Further, the multi-specialty collaborative mechanical design system of a nuclear power plant as described above, wherein the data mining and machine learning module includes:

the statistical analysis sub-module is used for classifying and counting the calculation result data and forming a statistical result database;

the relevance establishing sub-module is used for carrying out multiple times of calculation by changing certain input parameters, analyzing relevance between a calculation result and the input parameters and establishing a relevance function;

the genetic algorithm submodule adopts optimization technology of genetic combination, genetic variation and natural selection to evaluate the classification accuracy of the training sample set;

the aggregation detection sub-module is used for classifying the training sample sets according to the classification accuracy and calculating the dissimilarity between the sample sets;

connecting analysis submodules, and selecting an algorithm for obtaining a result by using a graph theory technology;

the neural network sub-module is used for establishing a neural network of the algorithm, and defining each node and a corresponding weight coefficient as an activity function;

and the difference analysis sub-module is used for analyzing abnormal conditions in the data so as to obtain useful information.

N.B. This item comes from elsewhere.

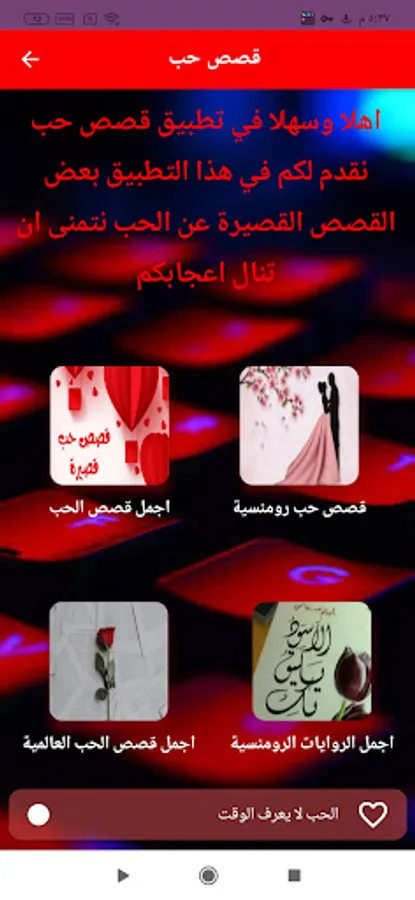 The application of short love stories offers you many unique and varied stories about love and romance, such as the love story of Antara, Abla, Qais and Laila and some other beautiful stories. The application is also characterized by its beautiful form and easy access to all stories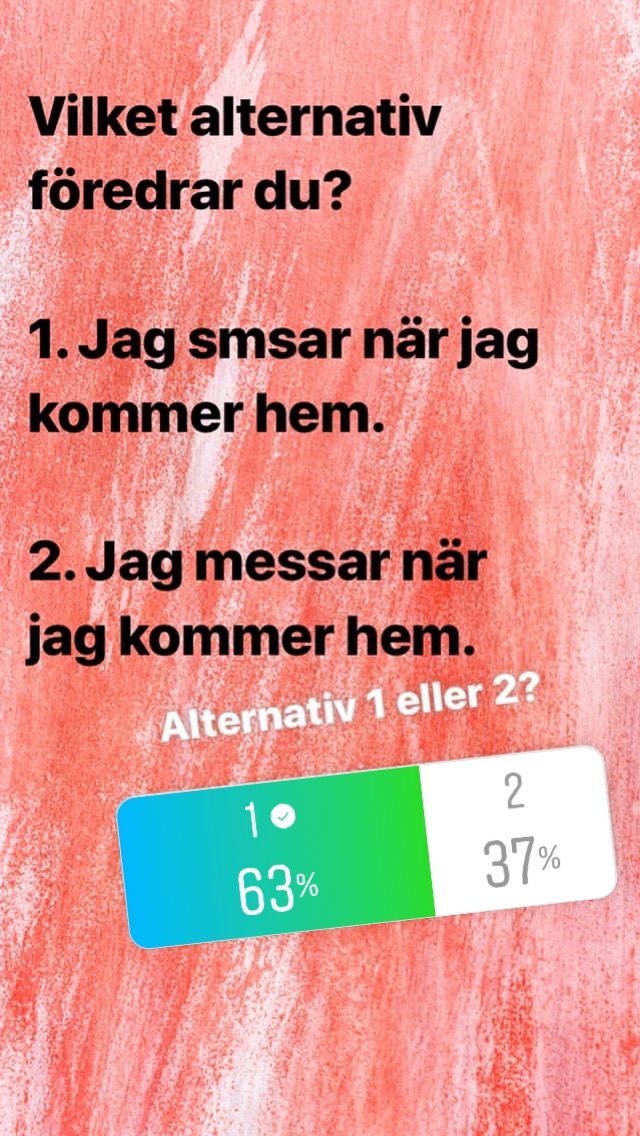 I går frågade jag mina följare på Instagram om de föredrar att smsa framför att messa. Så här blev resultatet:

Further, according to the multi-specialty collaborative mechanical design system of the nuclear power station, the intelligent design optimization module modifies model parameters when finite element analysis is needed in the intelligent design optimization process, and the method for intelligently predicting finite element calculation results by the data mining and machine learning module is used for rapidly feeding back mechanical calculation results.

The beneficial effects of the invention are as follows: according to the invention, by constructing a multi-specialty cooperative platform, automatic mechanical calculation and design optimization of the nuclear power station components are realized, and the calculation result is analyzed by adopting algorithms of data analysis and artificial intelligence through the past data analysis, so that whether the analysis result is accurate or not is judged, and the accuracy of the analysis result is ensured. Compared with the traditional simple mechanical check, the method can not only greatly improve the mechanical calculation efficiency and accuracy of the components of the nuclear power station, but also provide an optimal design scheme by combining the mechanical properties of the nuclear power station equipment, provide mechanical basis for the design of each component of the nuclear power station, and solve the problems of large calculation result dispersion and the like obtained by different calculation staff. The invention has high efficiency and accuracy, and is suitable for large-scale popularization and application.

Drawings

FIG. 1 is a flow chart of a multi-specialty collaborative mechanical design method for a nuclear power plant of the present invention;

FIG. 2 is a schematic diagram of a multi-specialty collaborative mechanical design system of a nuclear power plant;

FIG. 3 is a partial list of parameters extracted from PDMS software according to an embodiment of the present invention;

FIG. 4 is a flow chart of a pipeline anti-seismic calculation in an embodiment of the invention;

FIG. 5 shows the device frequency prediction result and calculation result in the embodiment of the present invention;

FIG. 6 shows the predicted stress results and calculated results of the device according to an embodiment of the present invention.

Detailed Description

The present invention will be described in further detail with reference to the drawings and examples, in order to make the objects, technical solutions and advantages of the present invention more apparent. It should be understood that the specific embodiments described herein are for purposes of illustration only and are not intended to limit the scope of the invention.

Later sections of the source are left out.